Leading economic change through gender diversity. Sometimes a woman’s touch is what’s needed 

 

‘Men wear the pants but women control the zipper’ — Unknown.

When I, Vicky Ngari-Wilson was asked to speak at the Pre-Women Economic Forum (WEF 2016) in association of ALL Ladies League (ALL) — a prelude to the main event where thousands of women across the globe will find their way to India this May — other than social change I was questioning how to bring my subject area to the table, as I never saw the sustainability frontier as gender specific.

The World Economic Forum recently had gender equality and climate change both at the top of the agenda. Naturally it reopened questions of the correlation between women and social and environmental change. Provoking deeper research for insight, I discovered many inspirational women leading in sustainable change.
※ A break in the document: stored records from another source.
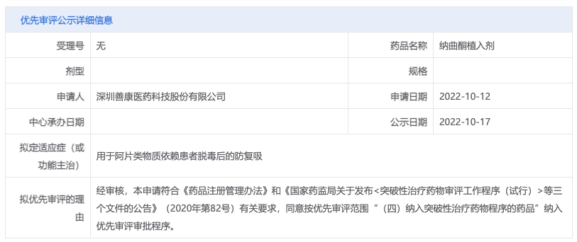 善康医疗「纳曲酮植入剂」拟纳入优先审评
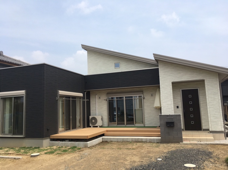 お子様の遊び場にピッタリな広々としたウッドデッキがある平屋のお家です♪
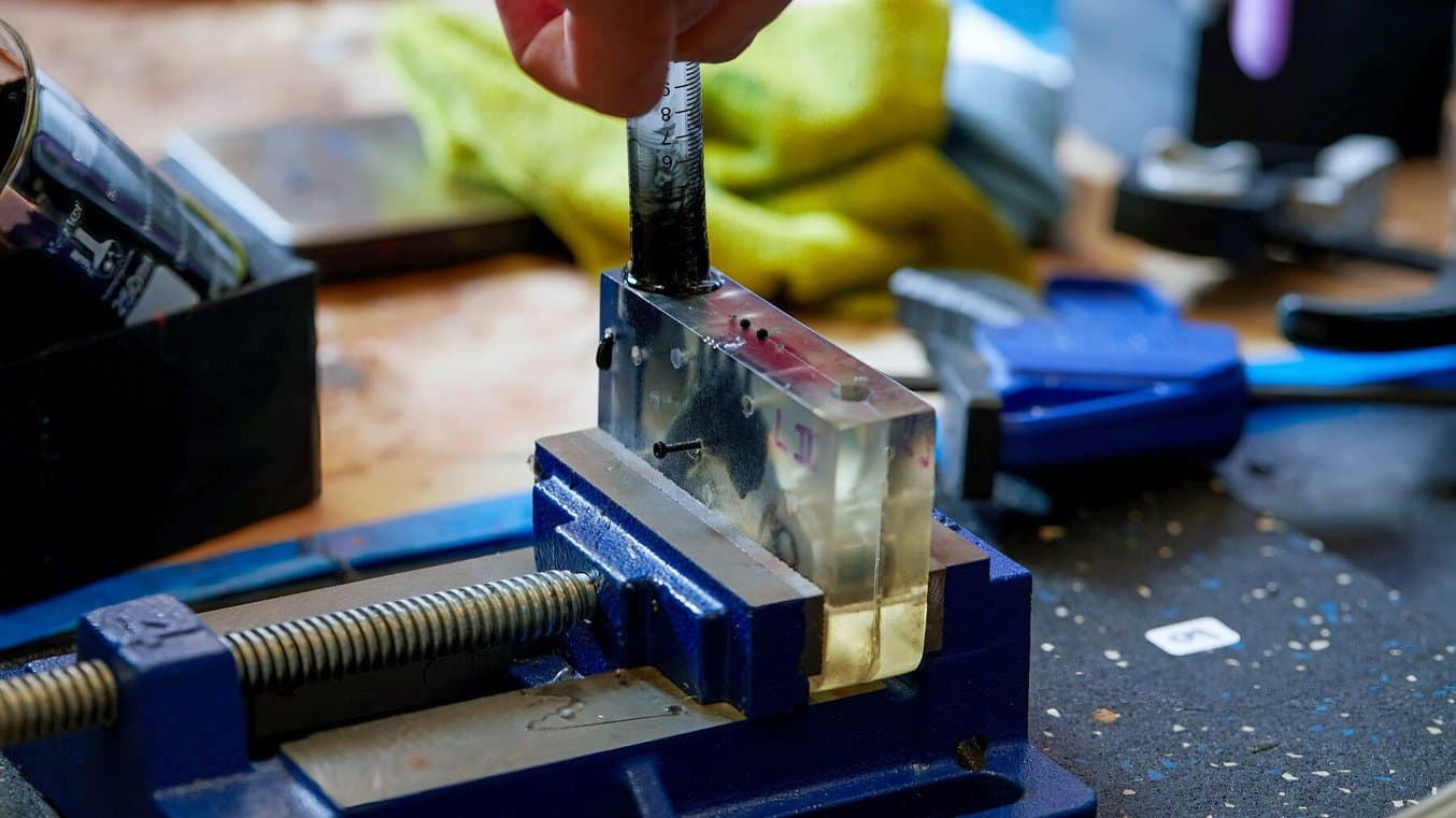 El equipo empezó por utilizar impresoras 3D de modelado por deposición fundida (FDM) para crear sus moldes. Las impresoras FDM ofrecen impresiones rápidas y baratas, pero que a menudo tienen dificultades para soportar situaciones con grandes presiones. Los moldes tienen que ser extremadamente lisos e imprimirse a alta resolución, por lo que la SLA es una opción mejor. Austin nos dijo: "El proceso de moldeo de nuestros dedos es algo que originalmente habíamos estado usando durante mucho tiempo con moldes impresos mediante FDM. Sin embargo, esos tenían varios inconvenientes para la inyección, principalmente que el acabado de la superficie no era bueno. Salían las estrías típicas de los impresos mediante FDM, ya que se realizan capa a capa. Y todos nuestros objetos moldeados acabarían teniendo unas extrañas texturas estriadas encima. Cuando pasamos a usar la Clear Resin, pudimos obtener un acabado de la superficie mucho más liso por la mayor resolución que ofrece. Por eso, producimos estos moldes tomando el inverso de la forma del dedo que quisiéramos, sustrayéndola de un bloque y añadiendo canales y entradas para la inyección de silicona en dos piezas. Una vez que el molde estaba diseñado e impreso en una impresora 3D, colocábamos un hueso impreso en 3D en su interior, que forma el esqueleto del dedo".
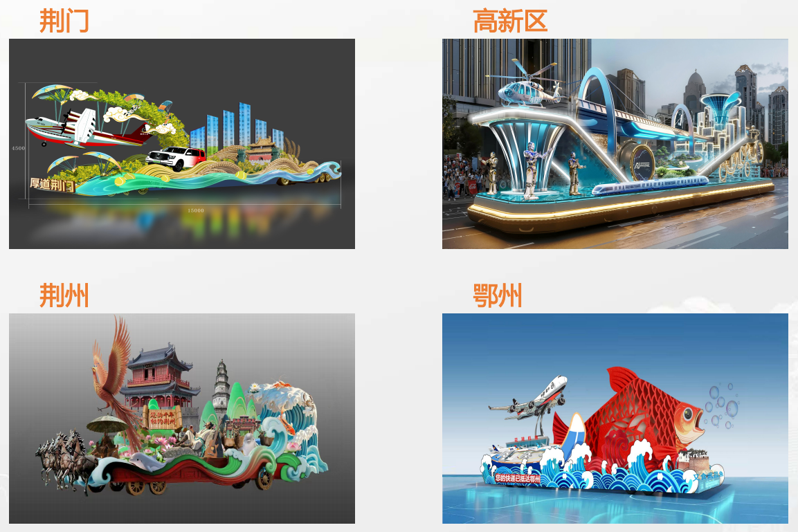 3、“楚風(fēng)漢韻”花車:《鳳舞楚天》、《問(wèn)道武當(dāng)》、《神農(nóng)架梆鼓》、知音號(hào)、《西蘭卡普》;
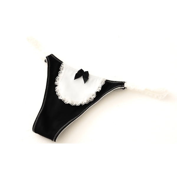 日本国内の工場で縫製された、伸縮性のある肌触りの良いマイクロファイバー生地を使ったメイドスタイルのTバックショーツです。小さなリボンとエプロンやレースをあつらえた、キュートでセクシーなメイド風デザインのショーツです。

I asked myself do more women, mean more change?

Studies consistently tell us that having diversity on an executive team results in more creative, dynamic approaches. In support of that, even though I was the only one at the forum that focused on Social Change and Sustainability as a topic, my panel on Innovation and Startups had one other female entrepreneur whose product’s supply chain was mindful of creating jobs at grassroots level in Africa. The other two gentlemen when it came to speaking on the effects of women in their companies — whether subconsciously or not — brought attention to results in problem solving and making a difference on a wider sphere.

I rarely hear of women in mainstream media leading sustainable change other than occasional celebrity endorsements and those in the business sector. This took me back to the uproar two years ago when Weinreb Group released a report on ‘Sustainability Trailblazers’ and all six of the pioneers were mature Caucasian men. Later it was found that the lowest percentage of the voters were women and unfortunately the nominees were even fewer from this group.

Understandably the area of sustainability is still evolving as society tries to define it, and this must happen before it can even be identified as an equal gender industry. Yet it would make sense to determine that this business more than others requires ‘soft’ tactics and characteristics, those that are typically possessed by women. Quite possibly, women are the ones who could break it down in a language we as a society can recognize.

So what is it going to take to drive more women towards the sustainable and social entrepreneur arena?

Of course career opportunities and potential salary are key. However, taking a brief look at the Corporate Social Responsibility (CSR) sector as a generic example, I was not shocked to discover that it showed little difference from the countless studies which proved that women’s salaries are significantly lower in the boardroom. According to Assets Acre 2014 survey, there is an approximate equal split in gender pay at CSR managerial level. Shockingly, women make up more of the junior roles, while directors or heads have a difference of around 20 per cent in favour of men. To add to that, zero women are earning between £180-220k plus, while there are between one and three per cent of men earning those handsome figures. Lines continue to stay blurred when it comes to women growing and declining in this young industry.

Government organisation like DFID, Venture Capitalist and Angel Investors are increasingly looking to invest in innovative social and environmental solutions. Given the 17 sustainable development goals adopted by 150 world leaders, alongside the undercurrent mandate of gender diversity in the board room, I would say it is a time to shine, a time for women who have tangible social and sustainable business ideas to drive economies.

Perhaps leaving the boardroom and taking our pencil skirts and suits into rural parts of the globe to upscale local ideas may create revelation as well as opportunity. Perhaps indigenous cultures where often environmental research and solutions are identified, should be our next boardroom.

The millennial generation are already on their way, questioning the source of what they consume and what causes their work supports. So ‘millennial women’ could be the significant leaders to attract generation Z (born after 2000) and diversify male profiles in this industry towards applying their skills to global change.

Well, based on the age of the ‘trend’ I would certainly rely on my female peers to follow healthier, environmentally friendly beauty initiatives, as for men: a night club owner once said to me, ‘get the girls in and the boys will follow’.